Aim of the exercise:
Your output should be the lines below from the one with "네 컷 만화 모음 (투숨툰)" through the one with "Նկ. 53 Մի հատված", copied exactly, pictures excluded.

Data:

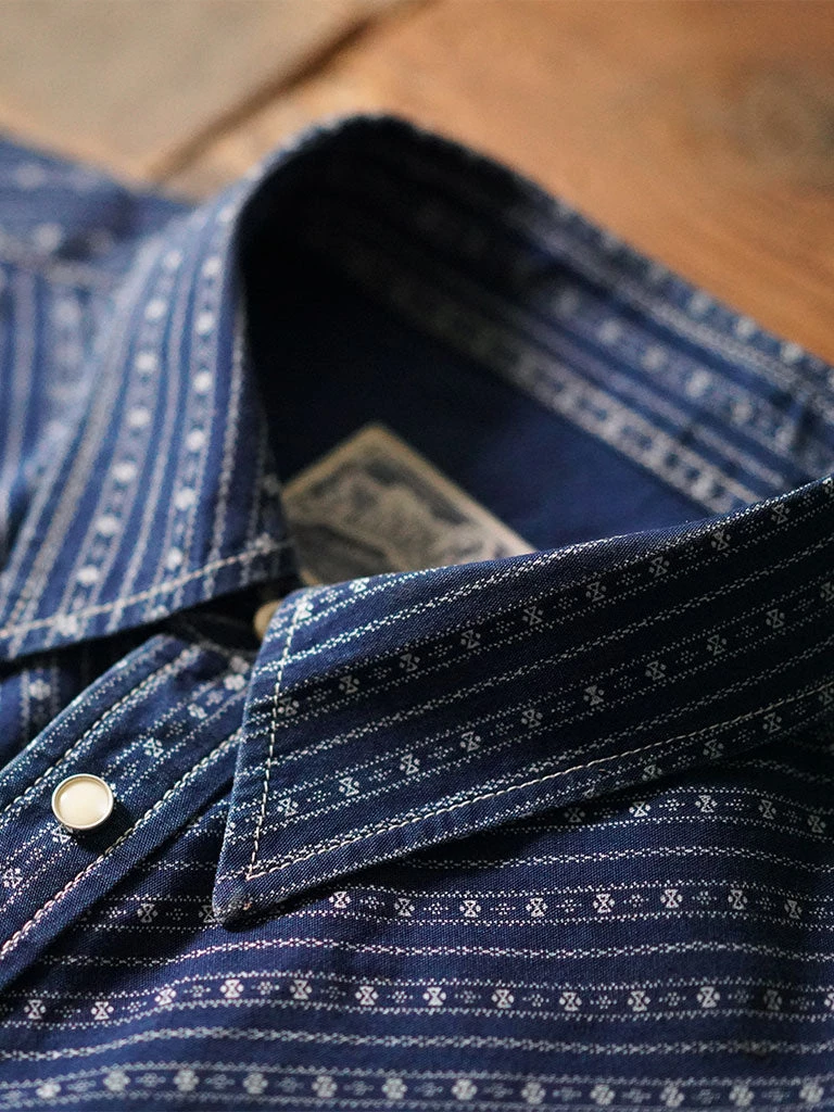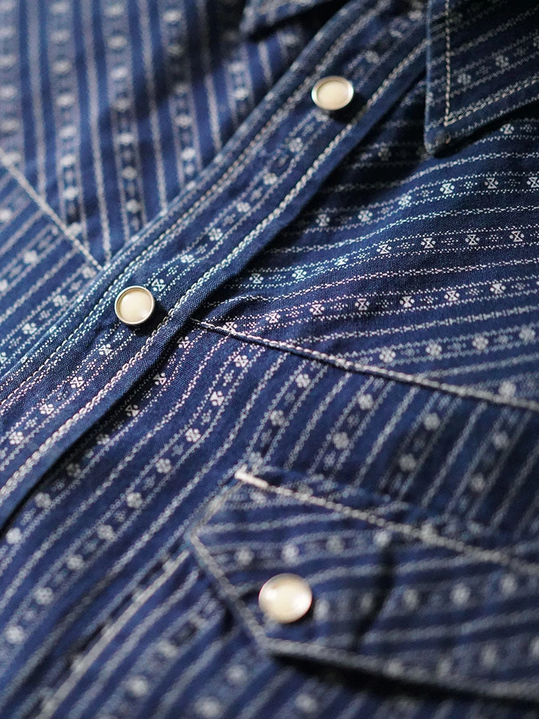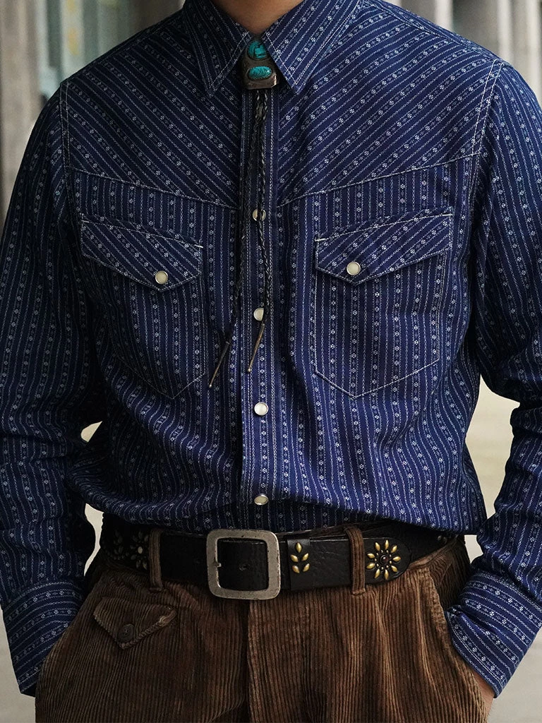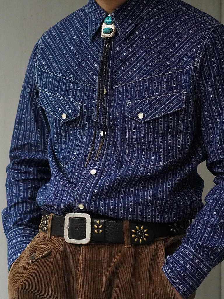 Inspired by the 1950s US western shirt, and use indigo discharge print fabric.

==

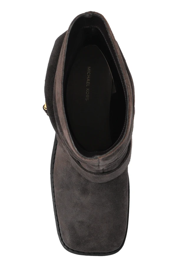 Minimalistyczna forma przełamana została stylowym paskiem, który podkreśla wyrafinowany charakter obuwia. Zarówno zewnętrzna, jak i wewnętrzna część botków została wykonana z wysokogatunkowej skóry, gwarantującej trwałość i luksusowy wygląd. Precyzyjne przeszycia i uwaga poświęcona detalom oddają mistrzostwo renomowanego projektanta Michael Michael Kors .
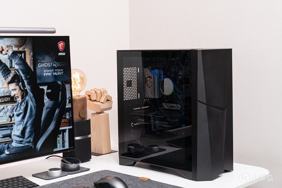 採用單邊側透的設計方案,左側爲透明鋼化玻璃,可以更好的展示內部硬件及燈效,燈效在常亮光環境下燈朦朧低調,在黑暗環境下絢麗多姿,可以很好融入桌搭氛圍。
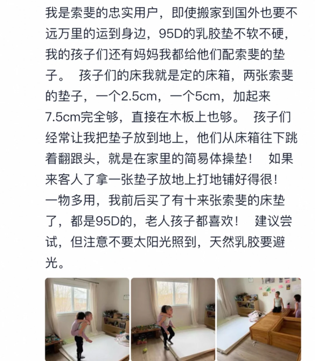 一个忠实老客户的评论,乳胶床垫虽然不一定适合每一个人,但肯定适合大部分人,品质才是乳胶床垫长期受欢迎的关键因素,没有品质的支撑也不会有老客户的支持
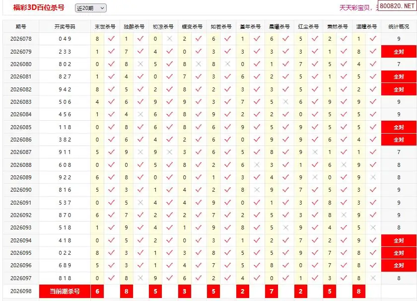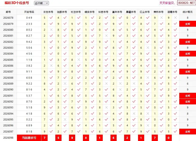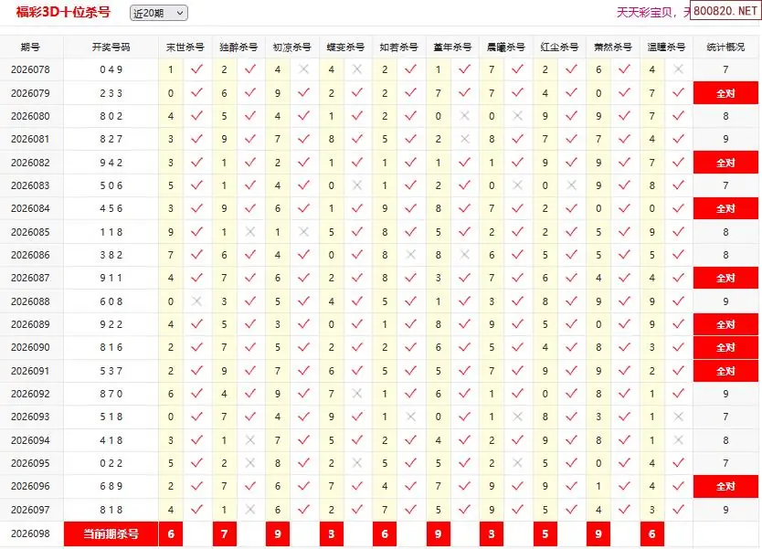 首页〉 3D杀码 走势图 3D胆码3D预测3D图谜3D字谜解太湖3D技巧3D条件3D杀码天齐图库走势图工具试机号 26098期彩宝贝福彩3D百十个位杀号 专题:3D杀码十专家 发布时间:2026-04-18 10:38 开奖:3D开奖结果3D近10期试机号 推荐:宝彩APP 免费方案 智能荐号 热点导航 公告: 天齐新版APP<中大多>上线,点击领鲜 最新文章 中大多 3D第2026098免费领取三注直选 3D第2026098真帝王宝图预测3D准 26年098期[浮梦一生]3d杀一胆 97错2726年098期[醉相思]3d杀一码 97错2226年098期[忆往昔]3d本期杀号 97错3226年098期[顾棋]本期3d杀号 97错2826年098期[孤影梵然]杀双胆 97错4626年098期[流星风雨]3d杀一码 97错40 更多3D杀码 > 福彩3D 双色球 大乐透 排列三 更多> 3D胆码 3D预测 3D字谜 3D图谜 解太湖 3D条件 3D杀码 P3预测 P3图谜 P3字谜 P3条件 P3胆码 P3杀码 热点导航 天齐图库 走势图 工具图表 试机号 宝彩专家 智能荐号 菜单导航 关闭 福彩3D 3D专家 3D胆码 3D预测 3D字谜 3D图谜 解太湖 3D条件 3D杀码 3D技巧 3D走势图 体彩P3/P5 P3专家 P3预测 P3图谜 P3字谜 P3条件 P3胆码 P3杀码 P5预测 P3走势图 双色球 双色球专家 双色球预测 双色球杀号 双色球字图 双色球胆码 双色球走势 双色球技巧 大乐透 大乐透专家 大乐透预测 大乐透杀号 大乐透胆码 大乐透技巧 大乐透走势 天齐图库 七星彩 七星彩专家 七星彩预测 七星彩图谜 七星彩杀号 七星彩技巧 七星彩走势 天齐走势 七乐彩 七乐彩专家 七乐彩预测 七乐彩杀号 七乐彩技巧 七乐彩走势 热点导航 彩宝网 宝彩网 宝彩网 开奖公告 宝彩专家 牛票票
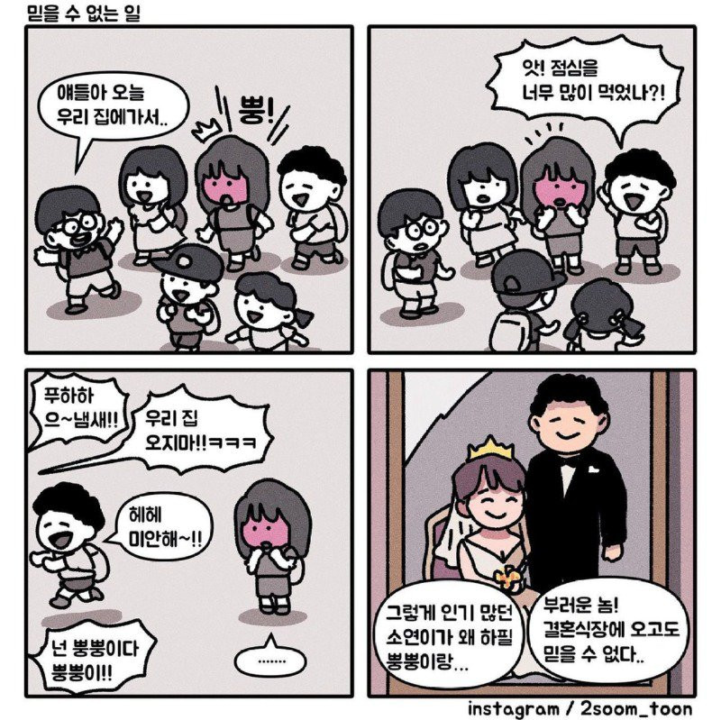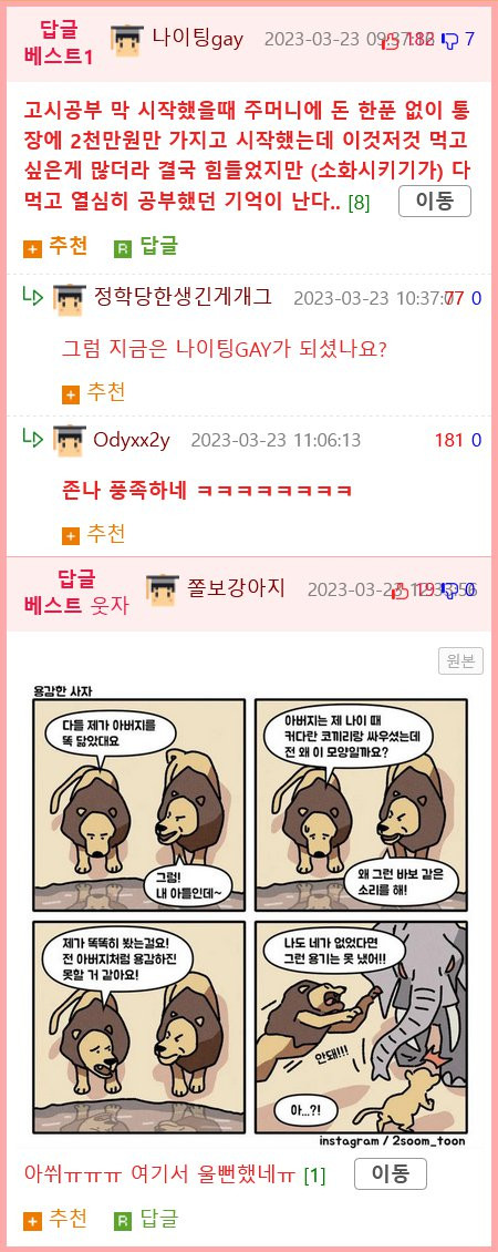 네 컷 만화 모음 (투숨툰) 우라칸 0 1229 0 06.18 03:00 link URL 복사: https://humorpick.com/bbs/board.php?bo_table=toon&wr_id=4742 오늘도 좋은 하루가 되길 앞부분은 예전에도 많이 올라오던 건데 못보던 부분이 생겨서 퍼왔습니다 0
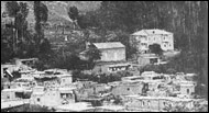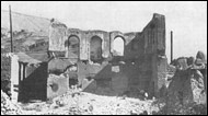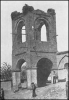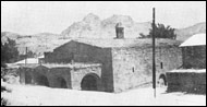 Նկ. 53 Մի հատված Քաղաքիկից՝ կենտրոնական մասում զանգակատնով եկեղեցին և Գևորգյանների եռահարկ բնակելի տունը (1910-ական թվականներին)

Solution:
 네 컷 만화 모음 (투숨툰) 우라칸 0 1229 0 06.18 03:00 link URL 복사: https://humorpick.com/bbs/board.php?bo_table=toon&wr_id=4742 오늘도 좋은 하루가 되길 앞부분은 예전에도 많이 올라오던 건데 못보던 부분이 생겨서 퍼왔습니다 0
 Նկ. 53 Մի հատված Քաղաքիկից՝ կենտրոնական մասում զանգակատնով եկեղեցին և Գևորգյանների եռահարկ բնակելի տունը (1910-ական թվականներին)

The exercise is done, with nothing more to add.